There is two types of snap synch driver. One that results in a consistent backup (MS VSS), and one that results in crash-consistent backup (MS VSS). As we know a crash-consistent backup, is akin to us hard powering off a machine, and then copying the files of the disk. Any transactions held resident in memory would be lost, although I think VMW by flushing caches is trying to make the backup as near complete as they can. It's this state that VCB and other backup system use as their defaults. Since then VMware has integrated its VMware Tools to allow for called to MS VSS copy.
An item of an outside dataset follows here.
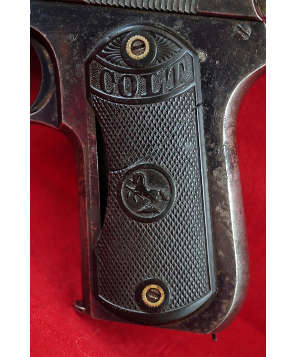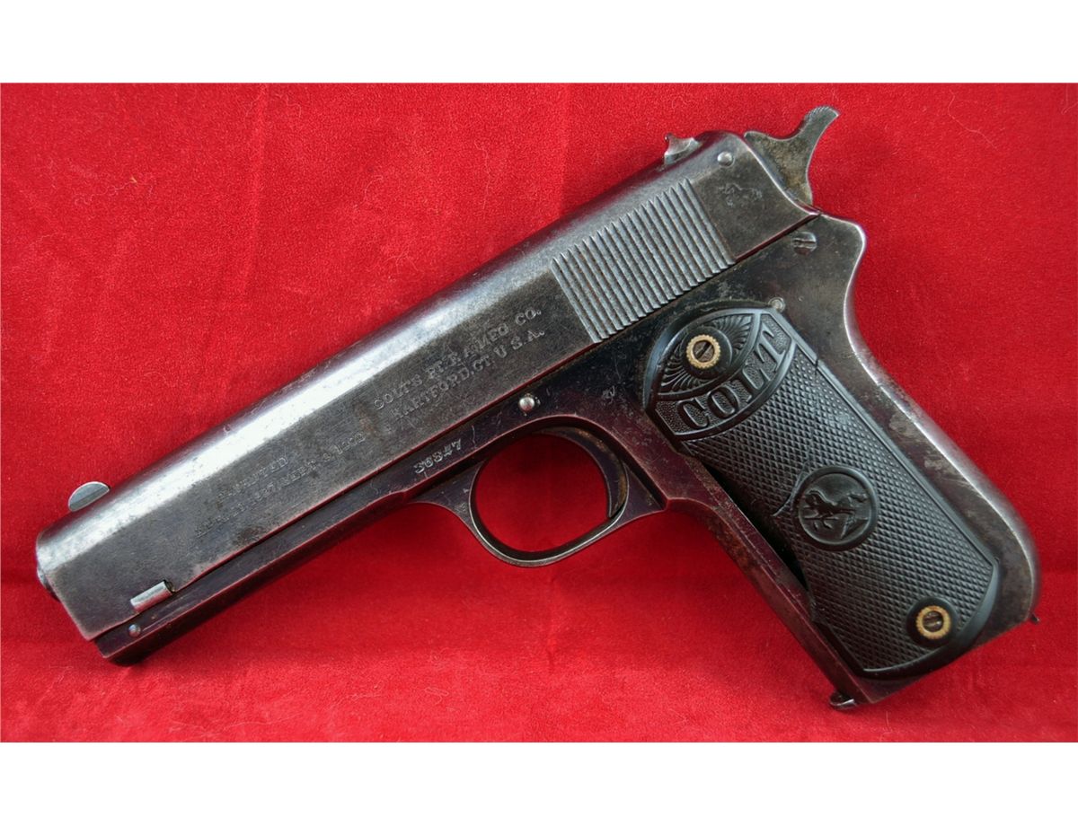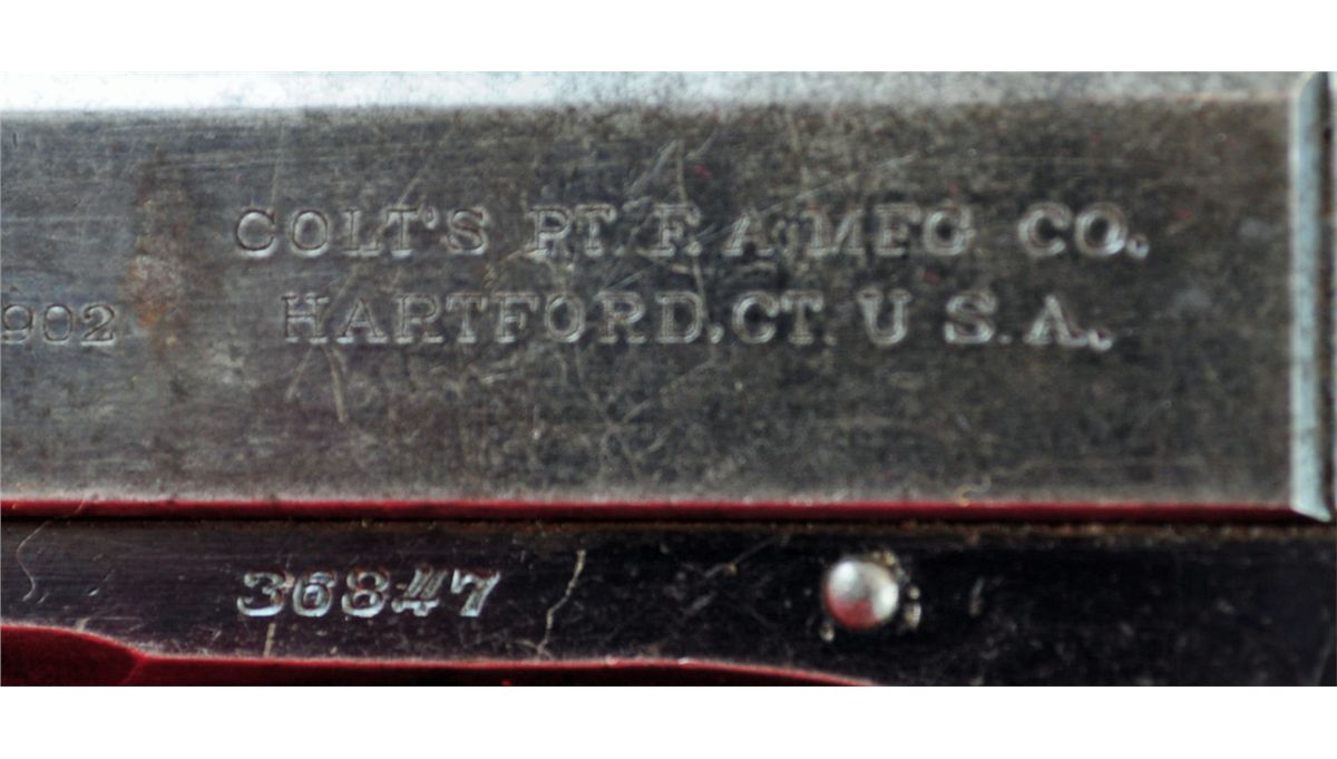 Colt 1903 Pocket .38 ACP/38 Rimless Smokeless, Cal. Semi Auto Pistol, 3" Inch Barrel, Ser.#36847, Damaged Grips, and marked U.S. brown leather shoulder holster. Pistol has damaged grips.See photos for more information. Gun is believed to be but not guaranteed to be in shooting order. Kennedys Auction Service has not attempted to test fire any gun in this auction and all guns are sold "IN AS IS CONDITION" and are not guaranteed to be operational.

It's my understanding that this method is more reliable from a SW perspective than the VMware Sync driver. Affectively, I think VMW have thrown in the towel with their own driver, and accept the MS one because it results in a more consistent backup. The integration with MS VSS from VMware Tools should mean consistent backup is taken... I guess VMware are retaining their own Synch driver for GOS that don't support MS VSS, or have no eqivilant...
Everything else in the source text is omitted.